Бросаю самолет из стороны в сторону. По направлению стрельбы Николая догадываюсь, что истребитель заходит для повторной атаки. Круто разворачиваюсь к ближнему лесу, где сосредоточены наши зенитки. Их дружные залпы и очереди пулемета Николая заставляют «мессер» уйти.
Рано мы с тобой, Коля, войну похоронили. Она еще огрызается.
Мы базируемся в небольшой деревушке Вельзикиндорф, в шестидесяти километрах от Берлина. Красная черепица крыш, пышная кипень цветущих садов, маленькая кирха со старым органом.
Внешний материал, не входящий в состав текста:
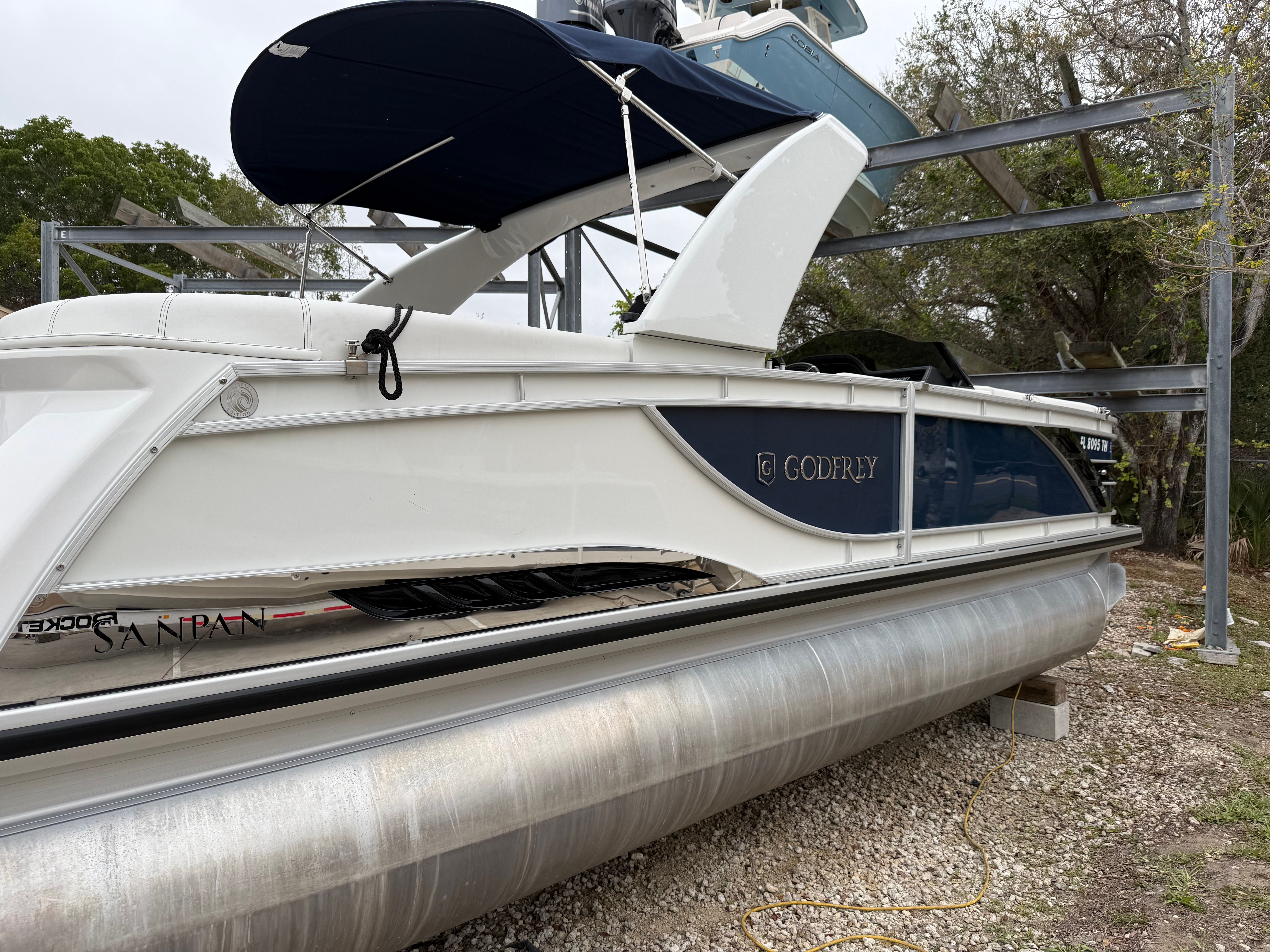 Owning a Godfrey SP 2500 SBC pontoon boat opens up a world of fun and relaxation on the water. The spacious deck allows for comfortable gatherings, making it perfect for hosting family outings, parties, or casual get-togethers with friends. The plush seating and open layout create a welcoming environment where everyone can unwind and enjoy the scenery.The powerful 300-horsepower engine ensures that every trip is filled with excitement, whether you are cruising at high speeds or exploring tranquil coves. The pontoon’s stability and smooth ride make it an excellent choice for boaters of all experience levels, providing peace of mind and confidence on the water.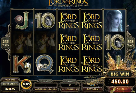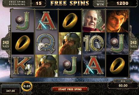 | Lord of the Rings Number of Reels: 5 Number of WinLines: 243 Extra Features: Free Spins, Stacked Wild Symbols, Expanding Wild Symbols, Scatter Wins. |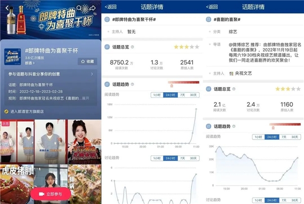 截至目前,活动在微博开启的#喜剧的喜聚##郎牌特曲为喜聚干杯#话题已超过3.7万人次讨论,阅读量2.97亿,抖音阅读量达到3.6亿。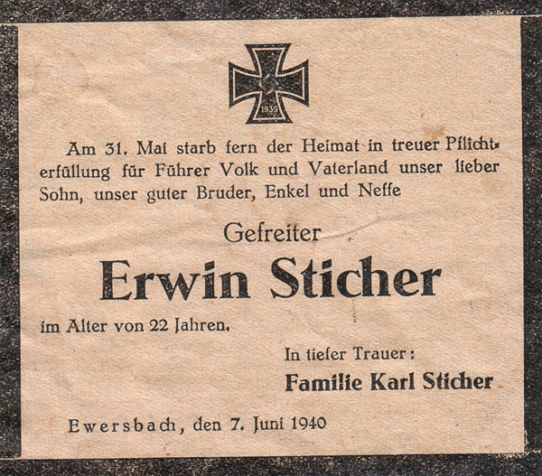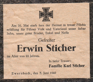 | Gefreiter | STICHER | Erwin Karl | 02.12.1917 Straßebersbach, Hessen | 31.05.1940 Bauquesne, Frankreich Beauquesne | 14. Komp., IR116 | starb als Kradmelder, Kriegsgräberstätte in Bourdon: Block 41 Reihe 6 Grab 212 |

Дом сельского пастора, увитый плющом и диким виноградом, видимо, последняя наша стоянка на дорогах войны.
Лишь изредка вылетаем на бомбардировку Берлина и его западных предместий, но и когда нет вылетов, все экипажи в состоянии боевой готовности.
А весна действует вне зависимости от военной обстановки. Уже жара. В распахнутое окошко доносится протяжное мычание коров. Едва ощутимое дуновение ветра приносит аромат каких-то незнакомых цветов, сонно бормочут под крышей сарая голуби, навевая дрему, и сами собой закрываются глаза. Но спать нельзя: полк каждую ночь находится в боевой готовности.
Наверно, я уснул, и опять приснилась война с ревом моторов и грохотом выстрелов.
Просыпаюсь и слышу врывающиеся в открытое окно звуки близкого боя: пистолетные выстрелы, трескотню автоматов… Яркие вспышки ракет освещают двор.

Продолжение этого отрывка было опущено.